Отбор образцов и анализ образцов всегда проводили после третьего частичного опорожнения, с тем чтобы предотвратить последствия запуска разделения на результаты. Интервал, выбранный для отбора образцов составлял одну минуту.

По словам производителя прибора, разделение можно охарактеризовать как хорошее, когда доля тяжелой фазы в прозрачной протекающей жидкости (отделенное масло) составляет от 0,1% до 0,2% или лучше. Два процесса были повторены, без каких-либо существенных различий в данных измерений.

Результаты с чисто водным дегуммированием и с добавлением 0,2 масс.% пропан-1-2-диола к маслу показаны в двух таблицах, приведенных ниже, и на чертежах, которые демонстрируют данные анализа, основанных на отделенном масле в зависимости от время разделения.

Таблица 25. Разделение соевого масла в масштабе опытно-промышленной установки после водного дегуммирования

На рисунке 3 показано разделение соевого масла в масштабе опытно-промышленной установки после водного дегуммирования (согласно данным таблицы 25).

Таблица 26. Разделение соевого масла в масштабе опытно-промышленной установки после водного дегуммирования с добавлением 2,2 масс.% пропан-1,2-диола

Фиг. 4 показывает разделение соевого масла в масштабе опытно-промышленной установки после водного дегуммирования с добавлением 2,2 масс.% пропан-1,2-диола (согласно данным таблицы 26).

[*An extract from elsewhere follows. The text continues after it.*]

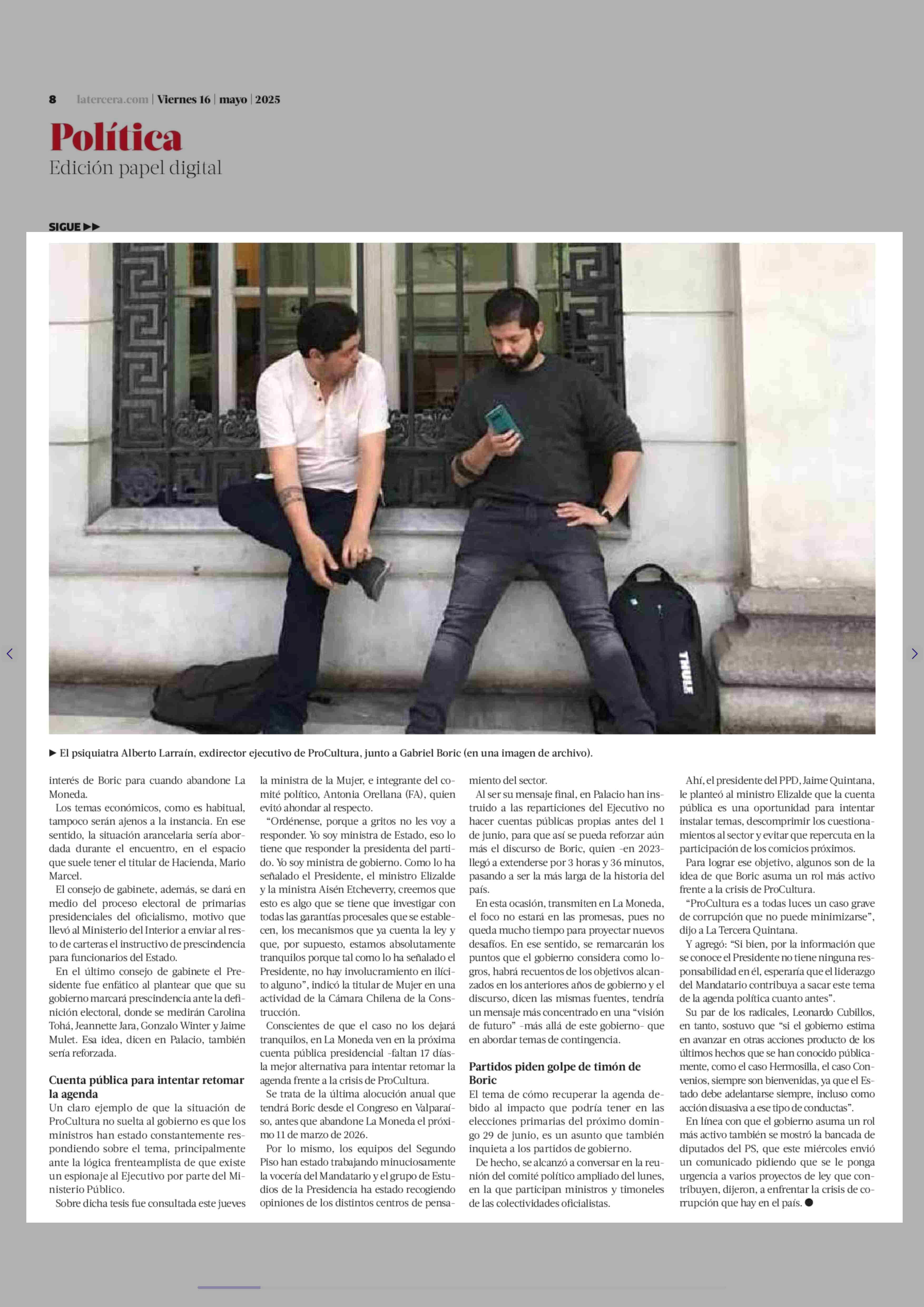 Boric encabezará consejo de gabinete con miras a su última cuenta pública en medio del caso ProCultura 16-05-2025 La Tercera |

Из сравнения содержания тяжелой фазы выделенного масла (определяется содержанием Р) в зависимости от времени разделения, можно сделать следующие выводы:

В чисто водном дегуммировании существенные различия в содержании тяжелой фазы происходят с самого начала, и их нельзя отнести к переполнению сепаратора. Верхний предел в отношении содержания P в масле, определенный в промышленном масштабе, согласно производителю сепаратора, почти всегда превышен после разделения, и имеют место значительные колебания.

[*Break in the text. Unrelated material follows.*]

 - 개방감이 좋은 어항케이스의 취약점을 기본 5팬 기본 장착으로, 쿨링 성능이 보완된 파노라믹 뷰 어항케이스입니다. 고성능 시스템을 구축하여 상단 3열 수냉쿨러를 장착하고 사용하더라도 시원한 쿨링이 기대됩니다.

Добавление пропан-1,2-диола значительно улучшает разделение в выбранных экспериментальных условиях. В течение периода до 6 минут, доля тяжелой фазы в отделенном масле остается очень малой и намного ниже верхнего предела 0,2 масс. Существует затем крутой подъем, вызванный заполнением контейнера для смолы в сепараторе. В промышленном масштабе сепаратор будет опорожняться автоматически.

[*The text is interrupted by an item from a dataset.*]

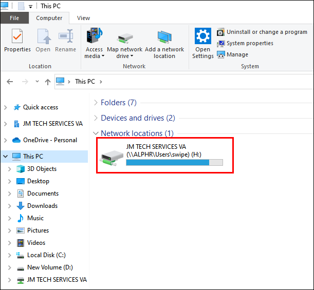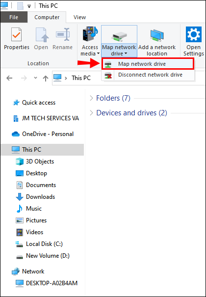 - From the Taskbar, select “File Explorer” > ”This PC” > “Computer” > Map network drive” > “Map network drive.”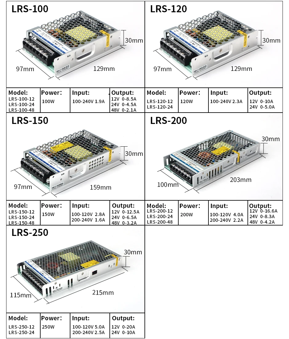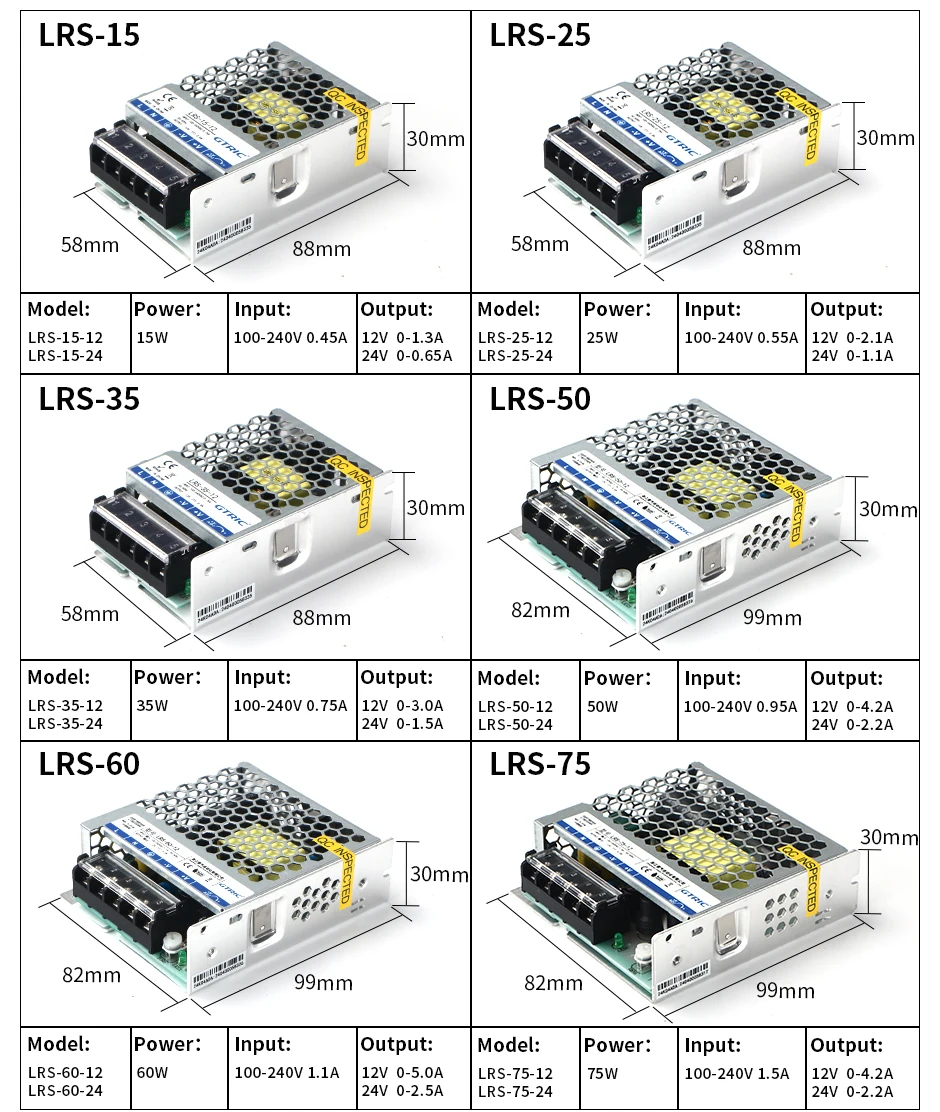 GTRIC LRS سلسلة تحويل التيار الكهربائي تيار مستمر 12 فولت 24 فولت AC110-250V محول الطاقة 35 واط 60 واط 75 واط 100 واط 120 واط LED الإضاءة محول

Косвенно из профиля содержания тяжелой фазы в масле в виде функции времени можно сделать вывод о более низком содержании смолы в масле и, следовательно, более высоком выходе масла за счет использования пропан-1,2-диола в качестве добавки, хотя точное количественное определение не представляется возможным только с этими экспериментальными данными. Если первый пик в водном дегуммировании, как предполагается, вызывается флуктуацией процесса, потому что содержание тяжелой фазы снижается ниже 0,2 масс.% снова в дальнейшем, содержание тяжелой фазы остается выше предела 0,2% начиная с 4 минуты, а это означает что сепаратор уже заполнен тяжелой фазой. Такая ситуация возникает только через 7 минут в случае использования пропан-1,2-диола.